There are two main ways to invest in treasury bills.

  • Competitive bidding: You can directly participate in RBI auctions and submit your bid for T-bills. This gives you greater control over the price but requires a better understanding of market dynamics.
  • Non-competitive bidding: You can invest through a bank or broker like Ventura Securities in a non-competitive bidding process. The bank or broker handles the bidding process on your behalf, making it simpler, especially for individual investors.

Things to consider

  • Returns: T-bill returns fluctuate based on prevailing interest rates and market conditions. They generally offer lower returns compared to riskier investment options.
  • Interest rate risk: While T-bills have minimal credit risk, they are susceptible to interest rate risk. If interest rates rise, the value of existing T-bills may fall, which could affect your returns if you sell them before maturity.
  • Investment horizon: T-bills are best suited for investors with a short-term investment horizon seeking safety and liquidity.

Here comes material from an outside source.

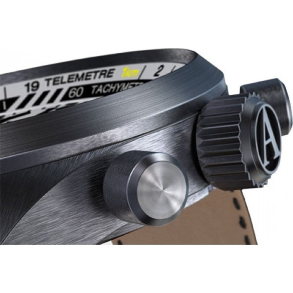 Матований корпус AVIATOR Airacobra P45 Chrono з діаметром 45 міліметрів витриманий у строгому класичному стилі і має правильні пропорції. Своїм оформленням цей годинник повертає нас у давно минулу епоху. Випрямлені лапки корпусу акцентують вигнуті лінії корпусу і надають годинникам вигляду ретро. Крім того, масивна головка настільки зручна у використанні, що переводити час можна навіть у рукавичках пілота зразка 1940-х років.

Who should invest in treasury bills?

T-bills are ideal for:

  • Risk-averse investors: Those seeking the safety of principal and minimal volatility in their investments.
  • Conservative investors: Those looking for steady returns with low risk.
  • Short-term investment needs: Investors parking money for short durations for specific goals.
  • Institutional investors: Banks, financial institutions, and corporate treasuries seeking to manage short-term liquidity.

Conclusion

Treasury bills offer a compelling choice for investors in India seeking a secure, low-risk investment option with easy liquidity. While the returns might not be as high as some other asset classes, they provide valuable stability and peace of mind. If you want a secure haven for your short-term savings, consider adding T-bills to your investment portfolio.

Disclaimer: This blog is for informational purposes only. Please consult a qualified financial advisor before making investment decisions.